Unfortunately either the diode was the wrong size or something else was wrong because although I managed to get some sound from a sound car I could not control the sound and I also could not control a small motor block I put on the track.

I have no money in the Central Station as it was given to me after the owner damaged it so I may be best off by throwing it away rather than risking damaging something else with it.

The good diode(?) seems to have a 400 followed by parts of what could be a 3. Radio Shack has a 1N4003:

30A surge. Type: 1N4003. Peak Inverse Voltage (PV): 200

I did not have that one so I used a 1N4004:

30 amp surge. Type: 1N4004. Peak Inverse Voltage (PV): 400. 

[*]Peak Reverse Voltage: 400V (Max) [*]DC Blocking Voltage: 400VDC (Max) [*]Forward Rectified Current: 1A [*]Silicon Rectifier [*]Diffused junction [*]Maximum Average Forward Voltage Drop: VF= 0.8 Volts [*]Non-repetitive Peak Surge Current: IFSM= 30 amps for 1 cycle [*]Maximum Reverse Current @ 25 degrees C: IR= 10uA [/list] 
For whatever reasons it does not appear to have worked.

Thanks,

Jerry


----------



## Dan Pierce (Jan 2, 2008)

All of the 1N400x diodes were 1 amp, the bigger the number the higher the voltage. 

I would have gone with a 5 amp diode minimum but since you are using a 1 amp test supply what you did was OK. 

I suspect a transistor or mosfet on the heat sink is also defective. 

Nice to notice the Lenz logo as this is probably the vendor that made the board.


----------



## Jerry McColgan (Feb 8, 2008)

Posted By Dan Pierce on 11/14/2008 5:34 AM
All of the 1N400x diodes were 1 amp, the bigger the number the higher the voltage. 

I would have gone with a 5 amp diode minimum but since you are using a 1 amp test supply what you did was OK. 

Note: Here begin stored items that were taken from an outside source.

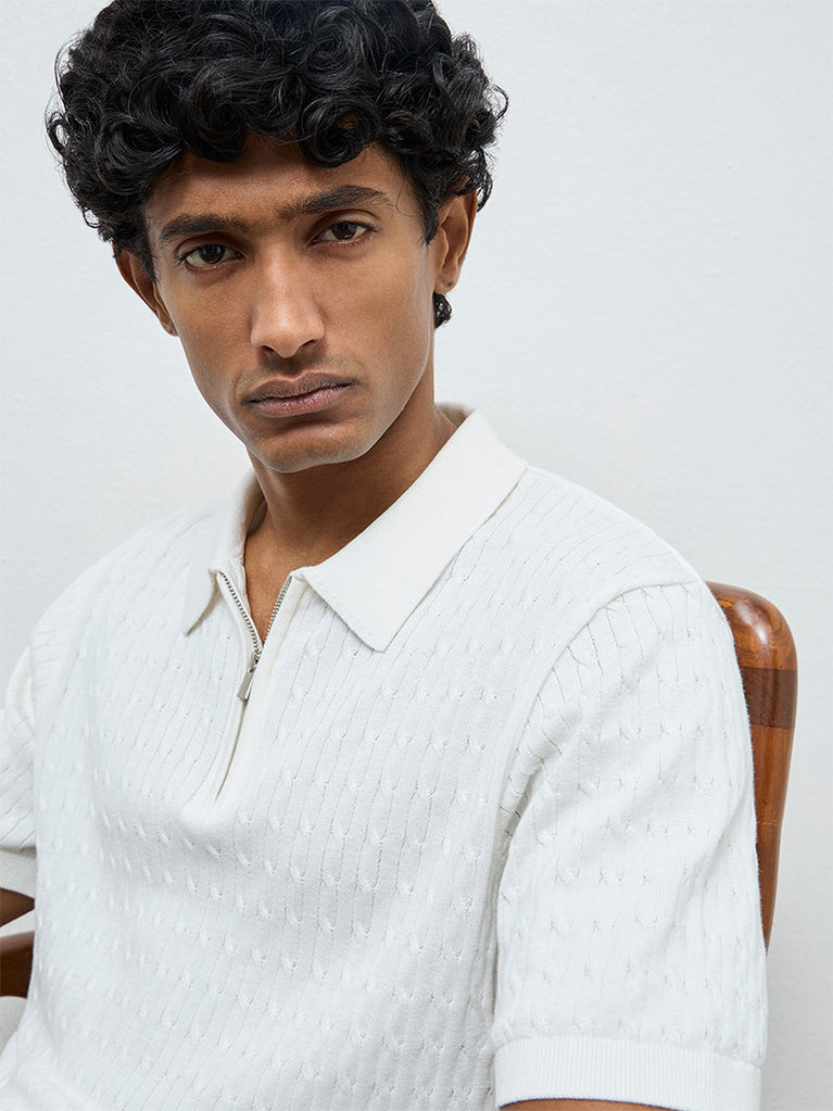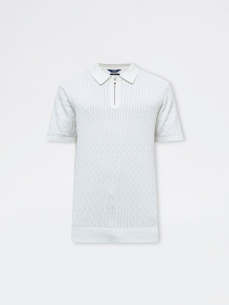 Ascot Off-White Cable-Knit Relaxed-Fit Quarter-Zip Cotton Polo T-Shirt
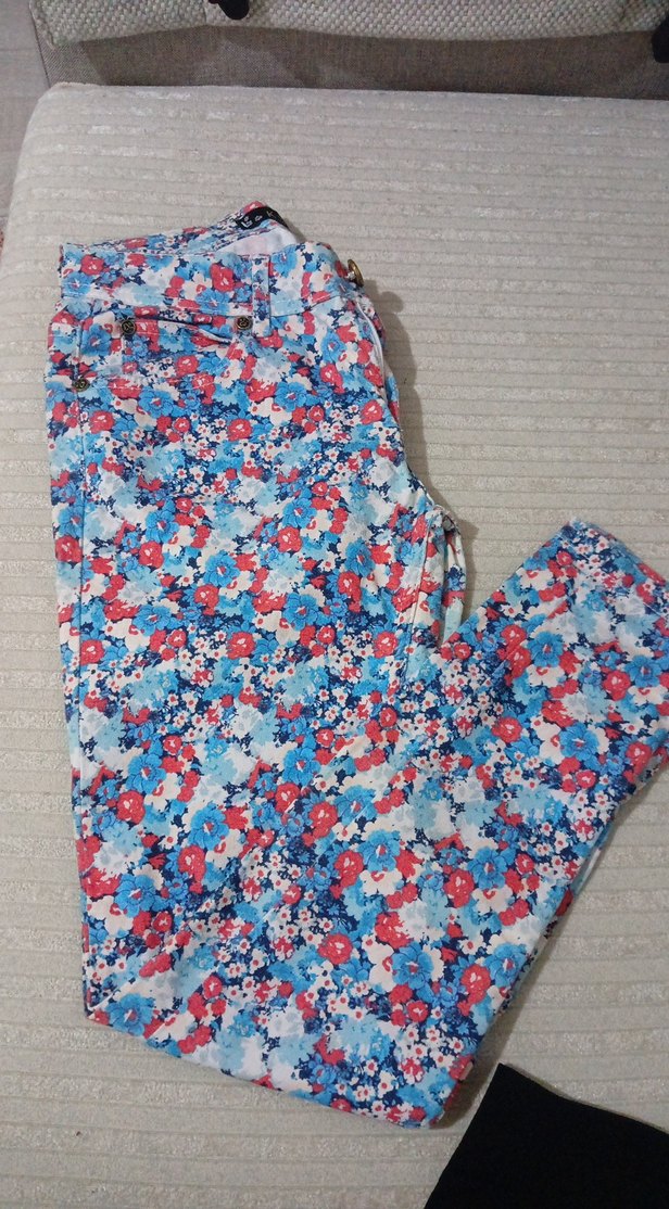 Renkli çiçek desenli, fermuarlı, normal boyda, dar kesim cocuk kumaş pantolon. Günlük kullanıma uygun, trend bir görünüm sunar.
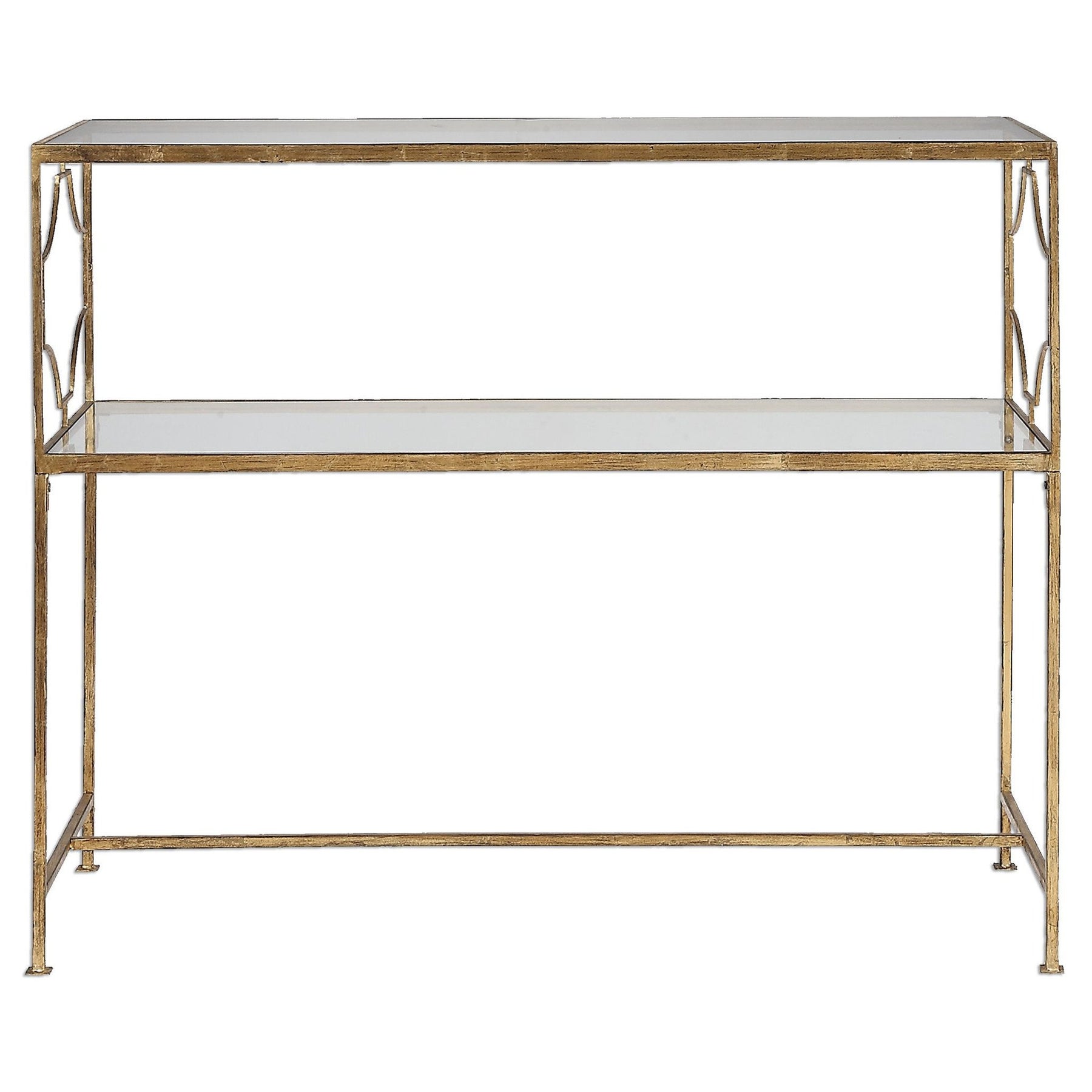 This console table by Uttermost is an upscale, traditional design in gold-leafed iron with moderate antiquing. The top and gallery shelf are made with clear, tempered glass.

I suspect a transistor or mosfet on the heat sink is also defective. 

Nice to notice the Lenz logo as this is probably the vendor that made the board.


Hi Dan,

Since I would have no idea which resistor or even what a mosfet is I think it is time for me to throw in the towel on this fix.

You are correct. The original Central Stations were made by Lenz. I believe Massoth made the 2nd and 3rd Central Stations.













Regards,

Jerry


----------